The liquidity benefits have been fueled by one event after another, and the market has questioned whether it is excessive, from "Trump deal" to "Trump bubble". Tyler Cowen, author of "The Great Stagnation", believes that bubbles are conducive to the concentrated investment of capital in emerging industries and innovative projects, which will increase the market's acceptance of high-risk early projects, thereby encouraging entrepreneurs and investors to take bold risks and innovate. Just as the infrastructure left by the "Internet bubble" in the 1990s after the bursting in 2000 - fiber optic network and data center construction, laid the foundation for the Internet + era. After the Trump administration's spending (economic stimulus policy) timeline is clear, if the government spending is more aggressive, the market liquidity is excessive and there is a suspicion of "bubble", the crypto market will also be "driven up" by liquidity, allowing "value to catch up with price".

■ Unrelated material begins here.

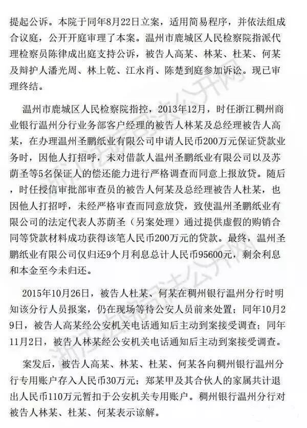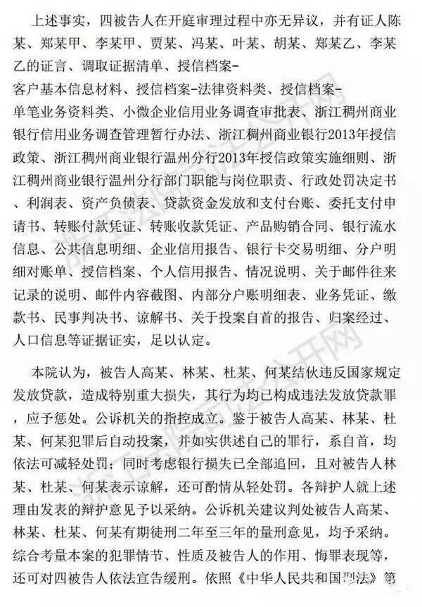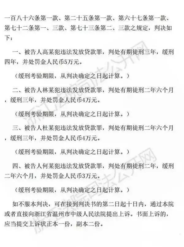 根据法院的判决,该案的稠州商业银行温州分行原业务部总经理高某被判有期徒刑3年、缓刑4年,并处罚金5万元;原业务部客户经理林某被判有期徒刑2年6个月、缓刑3年,并处罚金4万元;原授信审批部总经理杜某被判有期徒刑2年6个月、缓刑3年,并处罚金4万元;原授信审批部审查员何某被判有期徒刑2年、缓刑2年6个月,并处罚金3万元。四人罪名皆是“违法发放贷款罪”。

It is also important to note that in the qualitative characterization of Bitcoin, the author has proposed that Bitcoin is both an amplifier of US stocks and a hedge against real-world risks, which makes Bitcoin swing between liquidity and inflation hedging. In terms of the prices that the public perceives most, from 2019 to 2024, the average price of milk in the United States rose from about $2.58 per gallon to $3.86 per gallon, an increase of about 49.22%. During this period, Bitcoin rose by about 1025%, and gold rose by about 73%, slightly exceeding the S&P 500 (about 40%), the representative index of risky assets in the US stock market.
Even some countries choose to invest in Bitcoin to protect their wealth from inflation. For example, El Salvador and the Central African Republic have adopted Bitcoin as legal tender, and Bhutan has mined Bitcoin, trying to use its scarcity and decentralization to resist inflation risks.
Under the current macro environment, regardless of short-term fluctuations, the scarcity, decentralization and global liquidity of Bitcoin, which is fixed at 21 million pieces, remain unchanged. Its process of moving towards the role of value storage is being accelerated by the rush of institutions and listed companies to allocate. This financial experiment that started with cypherpunks will eventually find its foothold in the real world.
Note 1: The method of calculating the amount of funds:
a. Government funds and pension funds select countries, states and regions that currently allow investment in Bitcoin, and select 2% as the investment ratio, as well as different CAGRs for countries and regions as the growth rate for the next year, such as 8.9% in the United States, 4.22% in the United Kingdom, and 3% on average in Nordic countries.
b. The strategic reserve funds of listed companies are calculated based on the cash assets (market value multiplied by 5%, Microsoft's ratio is 9.5%) of the world's major stock markets (the United States, Germany, Japan, the United Kingdom, South Korea, Hong Kong, Singapore, India, Brazil, Australia, Canada, Taiwan), and multiplied by the growth coefficient (calculated, the global stock market CAGR in the past ten years is 9.68%) and multiplied by the investment ratio of 10%.
c. Private companies are calculated synchronously according to the 90% proportion of publicly listed companies that has been disclosed so far. d. According to survey reports from Morgan Stanley, Capgemini, Accenture and other institutions, 71% of high-net-worth individuals have invested in Bitcoin in the wealth management industry. The remaining high-net-worth individuals to be invested are selected, the wealth scale is multiplied by the growth coefficient of 4.5% and then multiplied by the investment ratio of 5% for calculation.